Drawing heavily on the groundbreaking work of Paul Sweezy and Harry Magdoff, the authors contend that stagnation (slow growth and high unemployment) is the normal state of affairs in mature economies where monopoly capital has come to control the means of production. High levels of profitability has the effect of diminishing the purchasing power of the working class, leading to decreased investment in real productive ventures and increased financial speculation. At some point, finance is almost completely decoupled from the real economy and becomes a driving force on its own, leading to ever increasing indebtedness, inequality and systemic instability.
Foster and Magdoff convincingly demonstrate the prescience of Sweezy and Magdoff's work, which was written in the 1960's, arguing that today we are witnessing the unfolding of precisely the kind of crisis that had been predicted.
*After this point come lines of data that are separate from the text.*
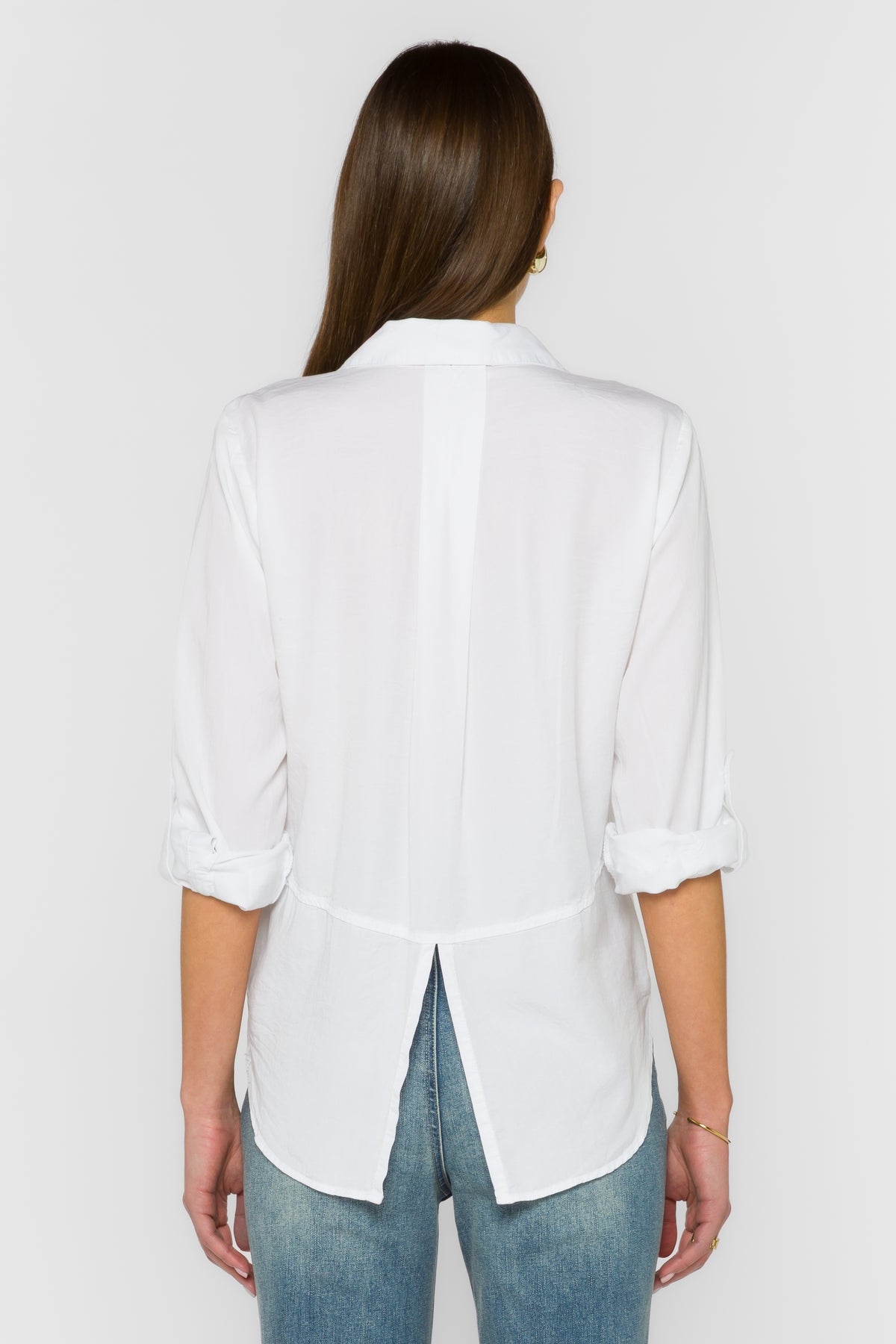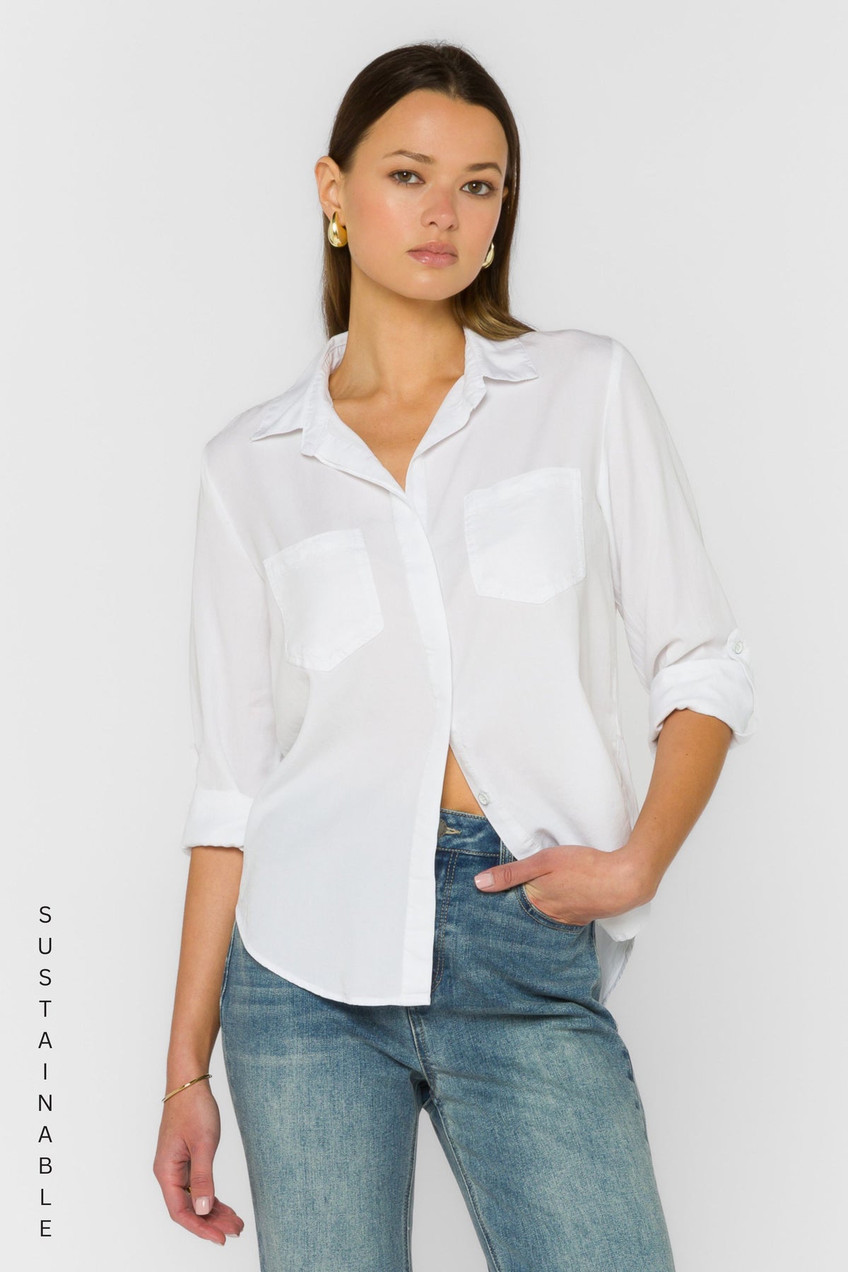 This button-up shirt features rolled short tab sleeves, chest patch pockets, a split back tail and crafted from 100% Eco-Friendly fabric for a soft, smooth and breathable drape.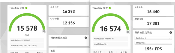 左边为显卡坞成绩,右边为PC成绩
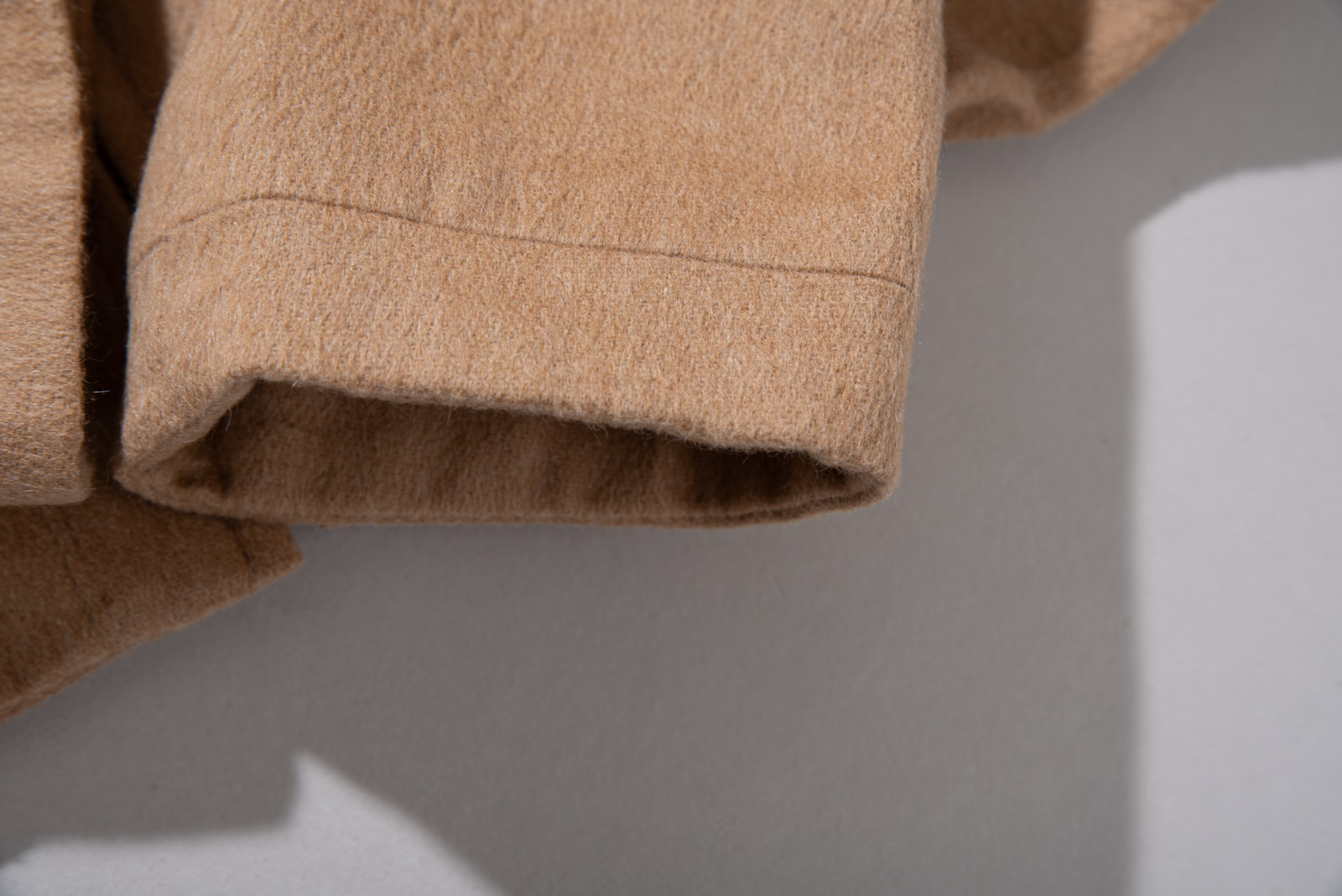 베이지와 라이트 브라운이 섞인 부드러운 컬러, 고급 소재인 앙고라와 캐시미어가 섞여 보드라운 착용감이 일품이며 드라이 마친 상태입니다.

We also come to understand how the government's response thus far has remained insufficient to the task inasmuch as policy decisions are made by key decision makers such as Ben Bernanke, who remains wedded to neoliberal orthodoxy. In that light, the administration's attempts to bailout the private sector with public money can be seen as a twisted yet peculiarly logical response by the powerful to fix a broken system that nonetheless heaps further insult upon an overexploited working class. Through their thoughful writing and analysis, Foster and Magdoff help us recognize the real problem as one of financial insolvency wrought by a system that serves only to satiate the wealthy, and implores the rest of us to demand a more sustainable and just system of economics that privilges people before profits.
I highly recommend this outstanding book to everyone.